Человек, я уже говорил это, показывает здесь себя в своей самой абсолютной форме, в эссенции своей сущности. Человек в лесу – это первобытный человек: вся его сила лежит в его возвращении к инстинкту, в его преданности темным силам этой неисследованной дикой местности, которая шумит глубоко внутри человеческого рода. Уже одна его чрезвычайная жизненная сила убедила бы нас, что простота природного человека в нем является одним и тем же с почти неестественной дистанцией до телесного мира. Он как каменный блок, как ствол дерева; он невосприимчив к тяжелой работе, к лишениям, к ранам, к физической боли. Он принимает смерть с легкостью, которая поражает, которая почти ужасает.

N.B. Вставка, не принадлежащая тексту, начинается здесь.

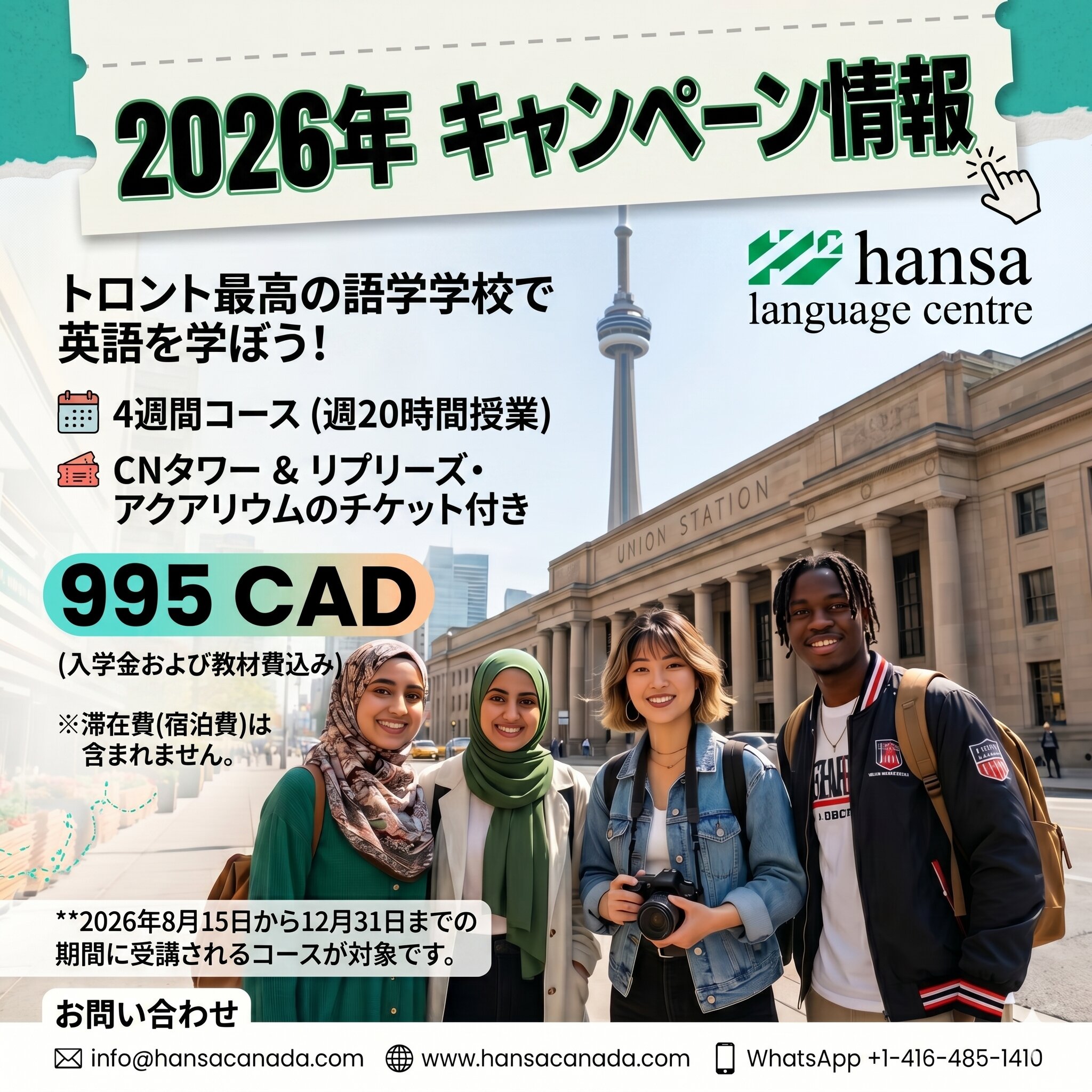 Hannsa Language Centre(ハンザ)は、留学手続き手数料無料の対象校です。キャンペーンを適用した留学費用のお見積りをメールにてお送りしますので、お気軽にお問い合わせください。

Полковник Мерикаллио, который командует участком фронта у Райкколы, рассказывает мне о своих солдатах с тем заботливым пониманием, которое возникает из общей жизни и из общей простоты, с которой все, солдаты и офицеры, берут на себя войну в лесу и смерть в лесу. Полковник Мерикаллио – мужчина сорока двух лет, с молодым лицом, с глубокими, светлыми глазами: он говорит, смеется, передвигается с сухой, невинной элегантностью. Он человек с севера, родом из Оулу в Восточной Ботнии. Мы сидим в его «корсу» посреди леса, поблизости от разрушенной деревни. Снаружи внутрь убежища проникают спокойные голоса солдат, скольжение лыж по снегу, сухой звук топора, бьющего по стволу дерева, скрип саней.

Солнце уже опускается, синий отблеск Ладоги постепенно гаснет на небе, которое блестит как ледяной свод. Мы стоим перед входом в «корсу». Конюшни лежат в ста шагах перед нами. Слышно тихое ржанье лошадей, которые ждут свою целлюлозную кашу. При отсутствии свежих кормов финские лошади питаются целлюлозой. За грубым столом четыре «лоты» приступают к потрошению своими удивительно острыми кинжалами Puukko нескольких больших рыб, которых «Sissit» поймали в пробитых во льду озера прорубях. Сильный запах рыбы проникает к нам с легкими порывами ветра из леса. Группа солдат стоит перед низким бараком. Это санчасть. – Что тут? – спрашивает полковник Мерикаллио какого-то артиллериста. – Вероятно, раненый, – отвечает артиллерист. Мы подходим к санчасти. Санитарка «Лотты», белокурая девушка с прекрасной, нерешительной улыбкой, подает солдату стакан коньяка. – Посмотрите на этого человека, – говорит полковник Мерикаллио и нажимает мне на руку.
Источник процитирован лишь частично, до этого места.